Resolutions of the Board of Directors of Network Appliance, Inc., a Delaware Corporation

Merger with NetApp NC Corporation.

WHEREAS: The Company owns 100% of the outstanding capital stock of NetApp NC Corporation, a corporation organized and existing under the laws of the State of Delaware (“Merger Sub”).

WHEREAS: The Board desires that Merger Sub merge with and into the Company and that the Company possess itself of all the estate, property, rights, privileges and franchises of Merger Sub.

NOW, THEREFORE, BE IT RESOLVED: That the Board hereby authorizes the merger of Merger Sub with and into the Company, with the Company continuing as the surviving corporation (the “Merger”).

RESOLVED FURTHER: That upon the effective date of the Merger, the name of the Company shall be changed from “Network Appliance, Inc.” to “NetApp, Inc.” pursuant to Section 253(b) of the Delaware General Corporation Law.

RESOLVED FURTHER: That upon the effective date of the Merger, the Company shall assume any and all assets, obligations and liabilities of Merger Sub pursuant to Section 253 of the Delaware General Corporation Law.

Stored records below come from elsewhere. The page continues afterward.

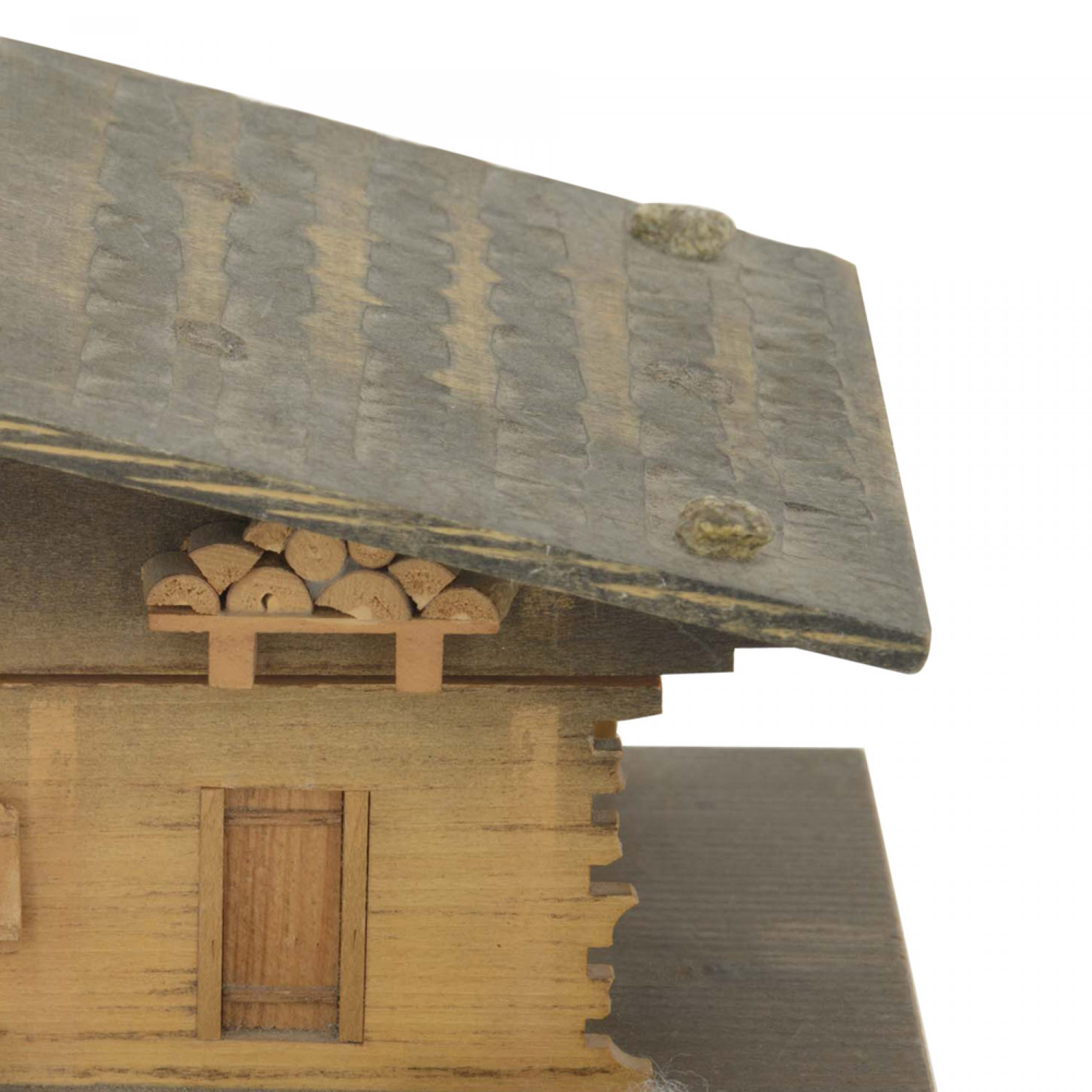 Rustic Continental (19/20th Century) house-shaped wood music box on a base.
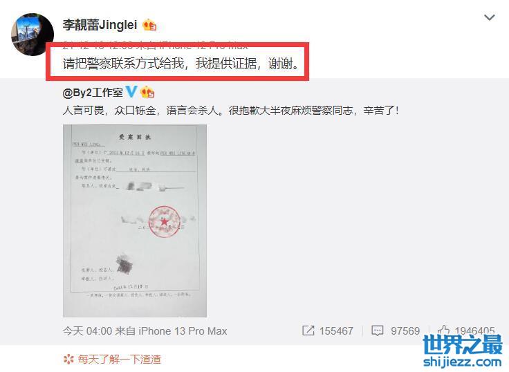 李靓蕾在17日晚上,突然上线发长文痛诉王力宏,控诉王力宏种种不轨的行为,而by2妹妹Yumi被指是小三,气到工作室连夜报J,没想到李靓蕾直接转发其工作室博文,回呛:“请把警察联系方式给我,我提供证据,谢谢”,这就把矛头指向了孙雨本人。
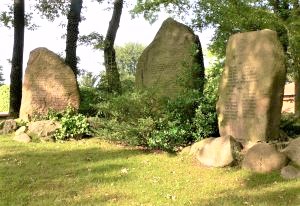 Vor der Kirche/Friedhof bzw. vor der Feuerwehr auf einem Hügel drei Monolithen mit Namen der Gefallenen beider Weltkriege und Inschrift.
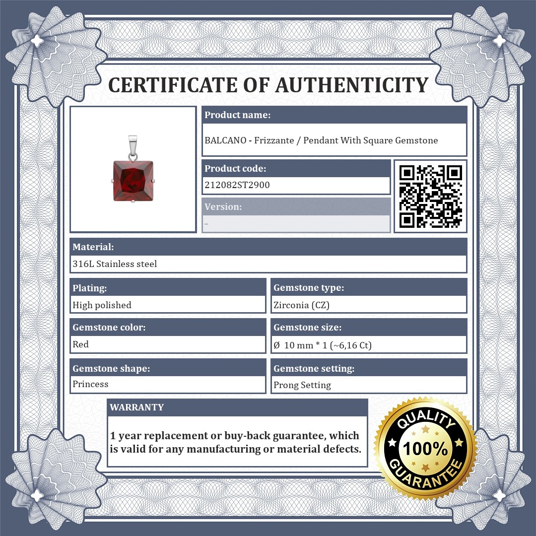 Granet-red, square cubic zirconia pendant. 316L medical grade stainless steel jewelry that will not tarnish or discolour.
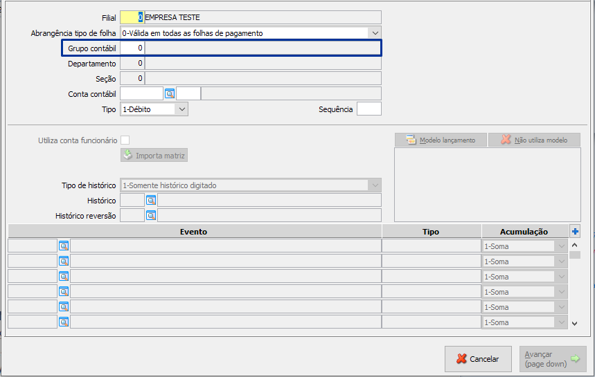 Para facilitar o cadastramento da integração contábil da folha de pagamento por grupo contábil, foi disponibilizada a criação da tabela "Grupo Contábil" MENU 1.4-M tabela 8. Após cadastrar todos os grupos contábeis, será necessário informar o grupo em cada departamento da folha de pagamento no MENU 1.4-M tabela 2. Desta forma ao incluir a matriz de integração no MEU 4.A-I vai habilitar o campo para informar o grupo contábil.
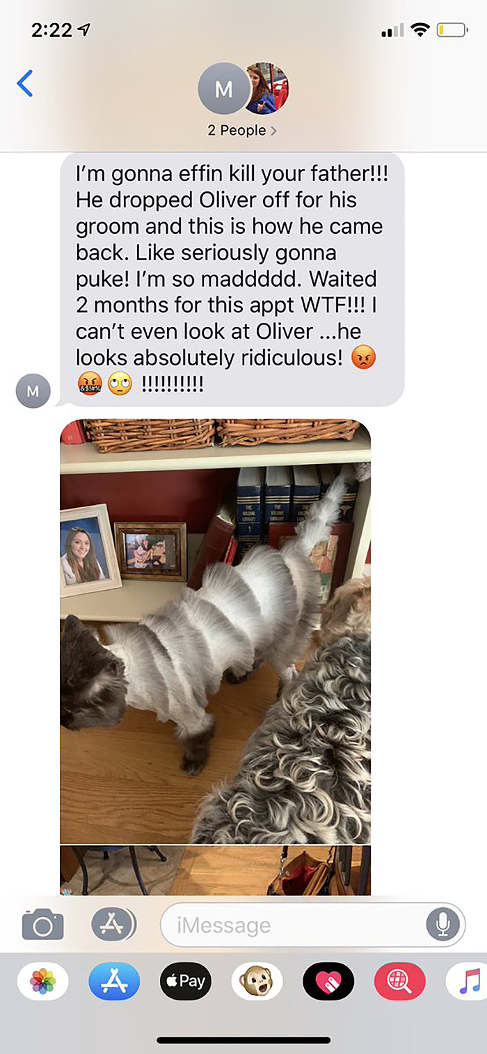 ▼網友Caitlin Christine在推特上分享了媽媽的簡訊截圖,媽媽說「我真的要被你爸爸氣瘋了!他把Oliver丟給了美容師,回來的時候竟然變成了這樣!我要暈倒了!要等兩個月的寵物美容最後是這樣,我簡直不敢正眼看Oliver,這個造型看起來真的太離譜了!」

RESOLVED FURTHER: That each outstanding share of capital stock of Merger Sub will be canceled and extinguished upon the effectiveness of the Merger, and no consideration shall be issued in exchange therefor.

RESOLVED FURTHER: That the officers of the Company be and hereby are directed to make and execute a Certificate of Ownership and Merger setting forth a copy of the resolution to merge Merger Sub with and into the Company and assume Merger Sub’s liabilities and obligations, and the date of adoption thereof, and to file the same in the office of the Secretary of State of the State of Delaware.

RESOLVED FURTHER: That the Merger of Merger Sub with and into the Company shall become effective upon the filing of the Certificate of Ownership and Merger with the Secretary of State of the State of Delaware as provided for therein.

RESOLVED FURTHER: That the Certificate of Ownership and Merger in the form attached hereto as Exhibit A be and hereby is approved and adopted in all respects.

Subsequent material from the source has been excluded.